What about assets posted as margin?
It’s one thing hocking off assets which your client bought with the proceeds of your loan and has asked you to look after: what about assets a client has posted to you explicitly by way of margin for unrelated exposures or liabilities? Surely you can use those, right? Here it depends what kind of margin it was (initial or variation) and how the UCITS transfers it to you in the first place. In a nutshell, variation margin is easy; initial margin a bit more of a trick.
- Title transfer: Needless to say[1] if a UCITS fund posts non-cash assets by title transfer, they are the broker’s to do with as it pleases. But variation margin, these days, tends to be cash, and initial margin presents a problem, because title transfer opens up an unsecured exposure to the broker for the return of the posted assets, and UCITS funds have tight concentration limits for counterparty exposure. So you may find title transfer is not really on the cards for initial margin.
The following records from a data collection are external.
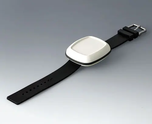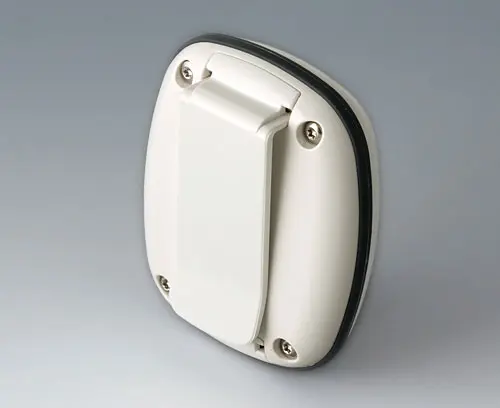 Boitier moderne pour les petits appareils du domaine des technologies portables. Conception en trois parties dont la partie supérieure et la partie inférieure en poli brillant et un joint en TPV mat. Surface en creux pour clavier à membrane ou feuille décorative.
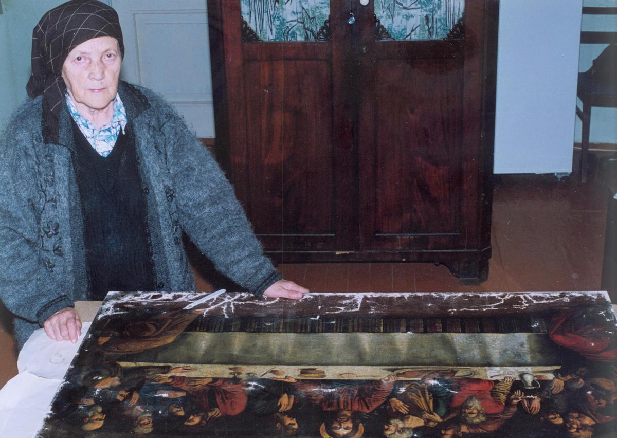 Преподобный Нил Столобенский своей подвижнической жизнью стяжал дар чудотворения. Немало чудес исцеления от физических и духовных немощей по молитвам к угоднику Божию совершается и в наши дни. Свидетельств тому много, люди пишут об этом братии мужского монастыря Нило-Столобенская пустынь, братия размещает их на сайте своей обители. Земное соединяется с Небесным. Что касается скульптуры святого, сделанной из ценного дерева, не могу не сказать, что попала она к нам в плачевном состоянии: на спине был варварски выбит, вырван большой кусок дерева. И только благодаря удивительному реставратору Екатерине Сергеевне Чураковой, вдохнувшей в скульптуру новую жизнь, мы смогли ее выставить в экспозиции. Вместе с другими «вылеченными» ею работами, среди которых притягивает взгляд экскурсантов икона конца XVII века «Монах, распинаемый страстями». Они находятся рядом – скульптура подвижника-чудотворца (это была последняя реставрация Екатерины Сергеевны) и известное изображение собирательного образа монаха, под ногами которого разверзлась преисподняя. А вверху на стене, над застекленными витринами – портрет самой Екатерины Сергеевны, посвятившей реставрации икон и картин собрания ЦАКа около 50 лет. Она была не просто самоотверженным художником-реставратором высочайшей квалификации – была человеком твердой веры, и каждая ее работа на благо Церкви помогала ей восходить по вертикали в Небо.
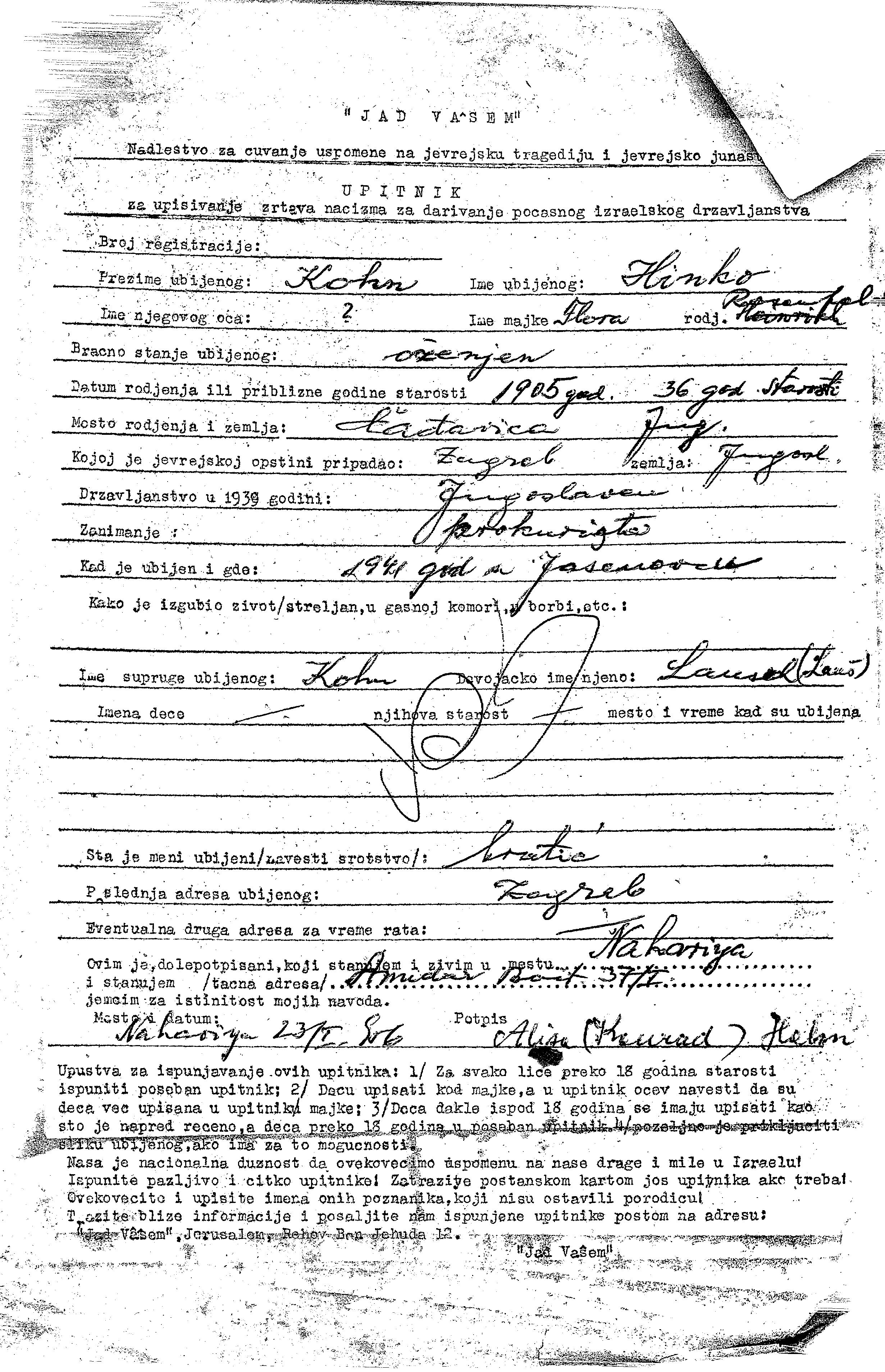 Hinko wurde in der Schoah ermordet. Todesort: Jasenovac, Jugoslawien im Jahr 1941.
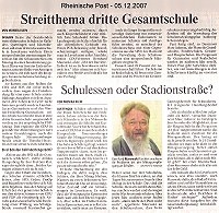 siehe auch: RP, 05.12.2007: Schulessen oder Stadionstraße
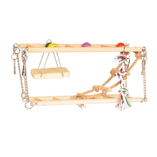 De brug bestaat uit twee stevige houten ladders waartussen verschillende speelelementen hangen. Zo is er een touwladder om in te klimmen, een katoenen speeltouw om aan te knagen en mee te spelen, en een houten schommel die zorgt voor extra uitdaging en beweging. Dit zorgt voor afwisseling in het verblijf en voorkomt verveling.
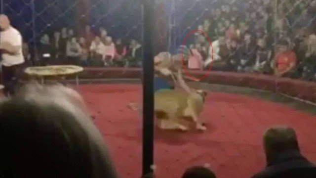 Um domador perdeu o controle de uma leoa durante apresentação em circo de Uspenskoye (Krasnodar, Rússia) e partiu com ferocidade para a plateia, separada do picadeiro por uma frágil tela de metal.
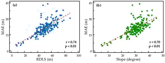 The relationships between (a) RDLS and MAE, (b) slope and MAE.

- Pledge/security interest: Well, if you read literally, Art 22(7) makes this a non-starter too. Even for variation margin. Here's a legal opinion on use of assets in AIFMD and UCITS:
- The regime for UCITS assets is different [to AIFMD]: pursuant [Quotes Article as set out in the panel] It is worth recalling the above rules [in Article 22(7)], in particular to the extent that the ban on the reuse of the UCITS assets for the depositary account should be ensured throughout the chain as it is part of the depositary’s due diligence requirements. Indeed, Article 15(3) of the UCITS V Regulation 2 explicitly foresees that “A depositary shall exercise all due skill, care and diligence in the periodic review and ongoing monitoring to ensure that the third party continues to comply with the criteria provided for in paragraph 2 and the conditions set out in [...] Article 22a(3)(a)-(e) of UCITS V and shall at least: […] (d) monitor compliance with the prohibition laid down in [...] Article 22(7)”.
For Regulatory IM it is probably no biggie that you can’t do anything with it, since you are not meant to do anything with it anyway. The assets are meant to be immobilised, away from the clutches and rehypothecatory designs of your broker and the fragile, feather-weight, jacked-up-on-vega credit-quality of its client. But for ETD it’s a different story: your clearing broker will need to the margin you posted to it down the line to satisfy its own IM requirements to the clearing house and intermediate brokers. If it can’t freely reuse your initial margin, it will have to fund its own. And guess who’s going to pay for that.[2]